CISA, FBI and NSA Issue Cybersecurity Advisory for Cleared Defense Contractors
Last week, the Cybersecurity and Infrastructure Security Agency ("CISA"), Federal Bureau of Investigation ("FBI"), and National Security Agency ("NSA") issued a 19-page joint Alert (AA22-047A) for cleared defense contractors ("CDCs") due to "regular targeting" of CDCs by Russian state-sponsored cyber actors.
According to the Alert, the threat actors have targeted CDCs – both large and small, and subcontractors – with varying levels of cybersecurity protocols and resources. These CDCs support contracts for the Department of Defense ("DoD") and Intelligence Community ("IC") in the following areas:
Command, control, communications, and combat systems;
Intelligence, surveillance, reconnaissance, and targeting;
Weapons and missile development;
Vehicle and aircraft design; and
Software development, data analytics, computers, and logistics.
According to the Alert, Russian state-sponsored cyber actors have targeted CDCs from at least January 2020 through February 2022. The threat actors leverage access to CDC networks to obtain sensitive data about U.S. defense and intelligence programs and capabilities, including those supporting the U.S. Army, U.S. Air Force, U.S. Navy, U.S. Space Force, and DoD and Intelligence programs.
Given the magnitude of this threat, the FBI, NSA, and CISA urge all CDCs to investigate suspicious activity – including the identified tactics, techniques, and procedures ("TTPs") – in their enterprise and cloud environments.

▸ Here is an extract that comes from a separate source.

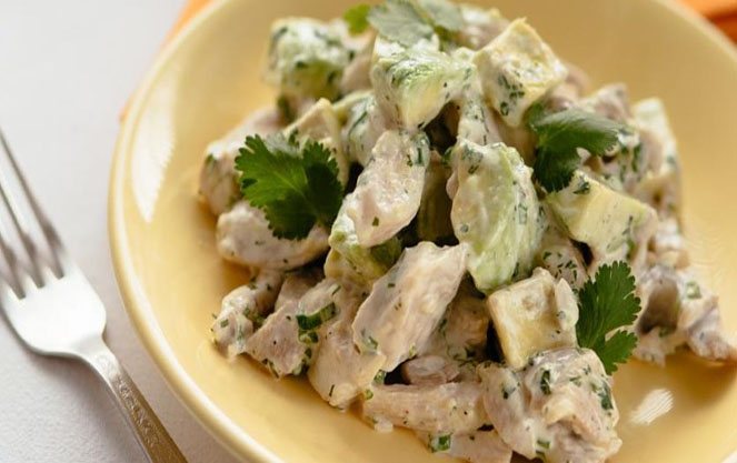 Для украшения салата используют крупно рубленную зелень и тонкие дольки лимона. Если вы принимаете гостей, то подайте его в индивидуальных мисочках, выложив все продукты слоями. Курицу в этом случае следует расположить сверху.

To that end, the Alert, among other things, recommends the following:
Look for Evidence of Known TTPs
Look for behavioral evidence or network and host-based artifacts from known TTPs associated with this activity. To detect password spray activity, review authentication logs for system and application login failures of valid accounts. Look for frequent, failed authentication attempts across multiple accounts.
To detect use of compromised credentials in combination with a VPS, follow the steps below:
Review logs for suspicious “impossible logins,” such as logins with changing usernames, user agent strings, and IP address combinations or logins where IP addresses do not align to the expected user’s geographic location.
Look for one IP used for multiple accounts, excluding expected logins.
Search for “impossible travel,” which occurs when a user logs in from multiple IP addresses that are a significant geographic distance apart (i.e., a person could not realistically travel between the geographic locations of the two IP addresses in the time between logins). Note: this detection opportunity can result in false positives if legitimate users apply VPN solutions before connecting to networks.
Evaluate processes and program execution command-line arguments that may indicate credential dumping, especially attempts to access or copy the ntds.dit file from a domain controller.
Identify suspicious privileged account use after resetting passwords or applying user account mitigations.
Review logs for unusual activity in typically dormant accounts.
Look for unusual user agent strings, such as strings not typically associated with normal user activity, which may indicate bot activity.
Further, the CISA, FBI, and NSA encourage all CDCs – regardless of whether there have been any indicators of compromise – to apply the following mitigations to reduce the risk of compromise by this threat actor (note: there are other mitigations not listed below):
Enable Multifactor Authentication
Enforce Strong, Unique Passwords
Introduce Account Lockout and Time-Based Access Features
Reduce Credential Exposure
Create a centralized log management system
If using M365, enable Unified Audit Log (UAL)
Correlate logs, including M365 logs, from network and host security devices.
Ensure PowerShell logging is turned on.
Update PowerShell instances to version 5.0 or later
Confirm PowerShell 5.0 instances have module, script block, and transcription logging enabled.
Monitor remote access/Remote Desktop Protocol (RDP) logs and disable unused remote access/RDP ports.
Consider using a centralized patch management system.
Ensure that antivirus applications are installed on all organizations’ computers and are configured to prevent spyware, adware, and malware as part of the operating system security baseline.
Keep virus definitions up to date.
Regularly monitor antivirus scans.
Utilize endpoint detection and response (EDR) tools.
Audit configuration management programs to ensure they can track and mitigate emerging threats.
Apply the principle of least privilege.
Regularly update VPNs, network infrastructure devices, and devices used for remote work environments with the latest software patches and security configurations.
Provide end user awareness and training.
Inform employees of the risks of social engineering attacks, e.g., risks associated with posting detailed career information to social or professional networking sites.